Jan. 14, 2002 Johns Hopkins scientists report success in figuring out how an experimental compound prevents mice from recognizing that it's time to eat, profoundly suppressing appetite and causing weight loss.
The compound, called C75, alters the natural balance of brain messengers that normally send signals of hunger during fasting and of satiety when full. In both lean and obese mice, C75 affects those signals, according to a report on the work in the Dec. 26 online version of the Proceedings of the National Academy of Sciences.
Obesity in humans is a major public health problem and is linked to a heightened risk of developing diabetes, stroke and heart disease. While mice are not men, there are common pathways in fundamental activities.
"If we can understand the pathway that triggers eating, we may be able to find safe ways to intervene," says Daniel Lane, Ph.D., professor of biological chemistry in the School of Medicine's Institute for Basic Biomedical Sciences. "We're close to figuring out how these neurotransmitters are connected, at least in mice, and what really affects their expression."

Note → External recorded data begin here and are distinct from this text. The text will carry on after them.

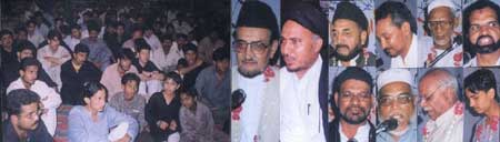 KARACHI: As per instructions of TNFJ Chief Agha Syed Hamid Ali Shsh Moosavi, Yaum-e-Dua Day of Prayers, was observed throughout Pakistan marking yaum e zahoor, Imam Zain-ul-Abideen (a.s). Programs were organized at Mehfil e Shah e Khurasan, Bargah e Shohada e Karbala Incholi, Markazi imambargah Jaffar e Tayyar (a.s), Rizvia Society, Azakhana e Zahra(s.a), Imambargah Hussaini Mission, Imambargah Kazmain and many other places. Markazi yaum e dua function in Karachi was held at Imambargah Abu Talib (a.s), Haidery Goth, Drig Road. A good number of religious scholars including Allama Mazhar Hussain abidi, Allama Syed Aun Muhammad Naqvi, Allama Wiqar Naqvi, Allama Sibt e Haider Moosvi, Allama Agha Nadir Shah, Allama Nazar Mehdi, Syed Sami Naqvi, Syed Ali Mehdi Zaidi, Syed Badar Ali Tirmizi & Syed Muhammad Ali Mehdi participated in the program. President, TNFJ Karachi, Allama Syed Mazhar Hussain Abidi said: Standing for the right against Cruel & Evil Rulers is the way of Hazrat Imam Zainul Abideen (a.s). He was the one who always stood firm against the cruel rulers & never led down the holy flag of Islam. Allama Aun Muhammad Naqvi said: Islam presently is on the hit list of terrorists. If OIC does not play its part to fight terrorism and remains silent, then its presence being useless. And then all the responsibilities of loss of Good-Will given to Islamic world be to OIC. He also included that we are celebrating day of prayers at the time while Muslim world is facing so many problems, and if the Islamic countries want solution to all their problems with peace, they all must have to follow the lifestyles & sayings of Masumeen (a.s). Allama Waqar Taqvi on the occasion said: to impose a permanent peace in our motherland Pakistan, our rulers must punish the arrested terrorists soon with the most unsympathetic hands. Allama Agha Nadir Shah said its necessary countries around the world call back their militaries from Iraq & arrange elections to form a public government in order to restore democracy in Iraq. Dua & fateha prayers were offered for all the sacrificers & martyrs of Millat e jafariya who became victims of terrorism.
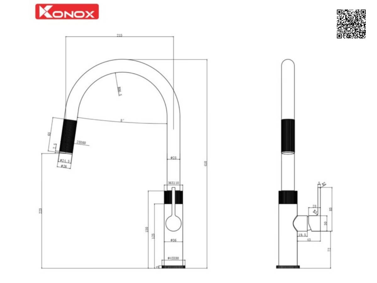 Kích thước của Vòi rửa Konox Lasi Gun Metal
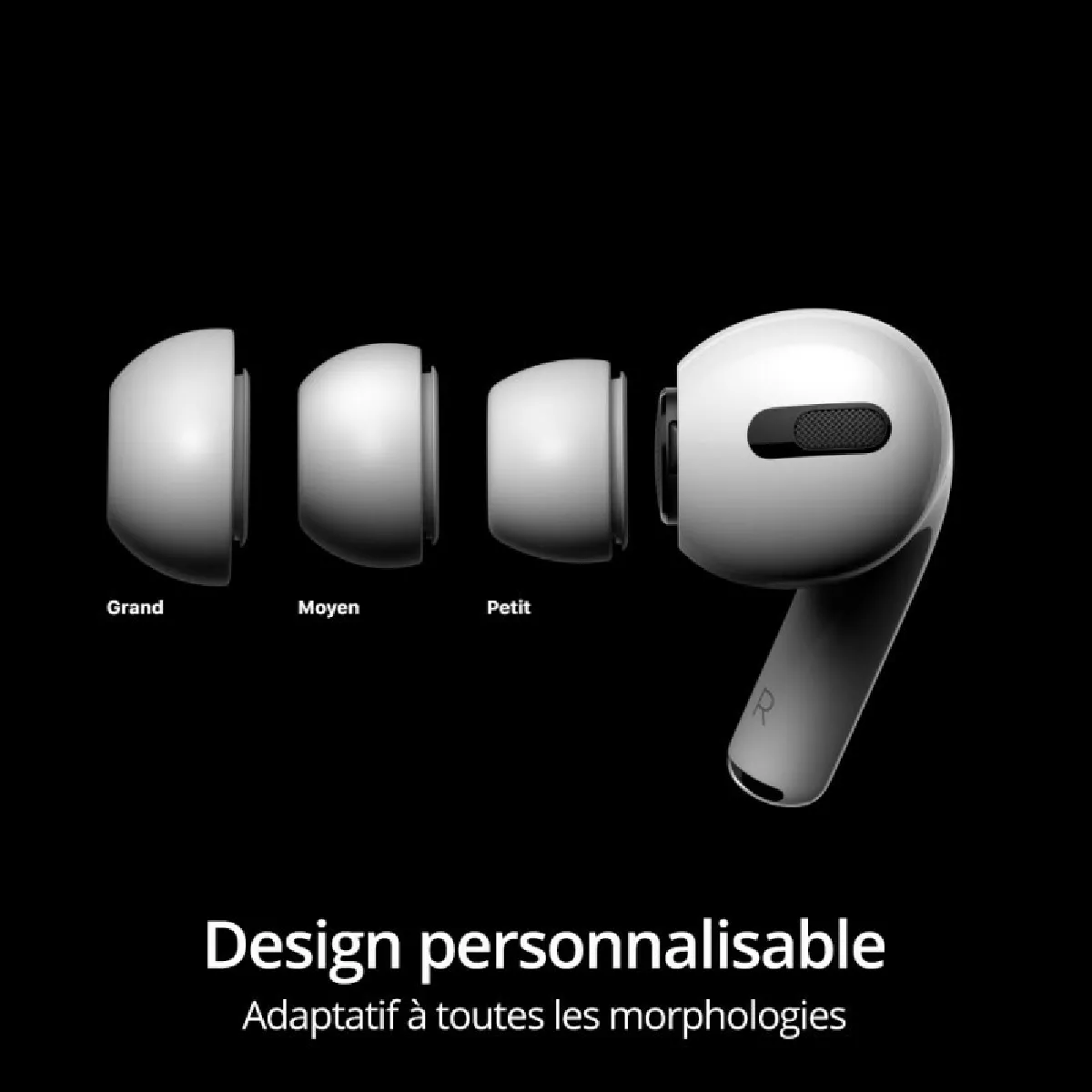 Vous ne pouvez pas le voir, mais à l'intérieur les coussinets sont coniques. À l'extérieur, ils s'adaptent à l'anatomie de votre oreille pour maintenir les AirPods Pro en place. Et comme le système de rainures compense la pression, vous ne remarquez même pas que vous les portez.
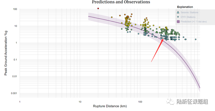 图6 美国USGS发布的本次地震动强度情况,最近的仪器数据在100km以外(图源:USGS)
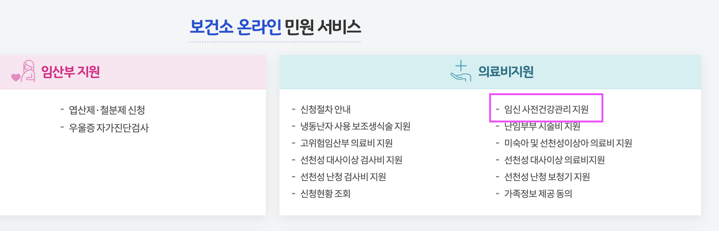 없으면 '임신 사전건강관리 지원' 으로 검색을 해도 된다.

Building on the knowledge that C75 blocks the enzyme fatty acid synthase, which helps the body store energy, Lane and others last year reported that mice given C75 stopped eating and lost about 5 percent of their body weight in just a day.
In the new study of lean (normal) mice and mice genetically engineered to be obese, the scientists looked for changes in the appetite signals in animals that fasted for one day and those injected with C75. While neither group ate, mice injected with C75 had more of the "satisfied" signals and less of the "hungry" signals than other mice.
Normally, fasting dramatically increases the amounts of two neurotransmitters, AgRP and NPY. Coming from neurons in a particular area of the hypothalamus, a small structure inside the brain, these messengers tell the animal to eat. When fasting animals are given food, they'll eat immediately, says Lane.
In both lean and obese mice treated with C75, however, levels of these two messengers did not increase, instead staying close to the levels of mice allowed to eat at will. The C75 mice ignored food, even though they had access to it, says Lane.
Two other messengers in the hypothalamus, CART and POMC, usually inhibit appetite. Lean mice that fasted had lower levels of these two messengers, while the C75-treated lean mice had CART and POMC levels similar to mice that were eating. Levels of these messengers didn't change in obese mice.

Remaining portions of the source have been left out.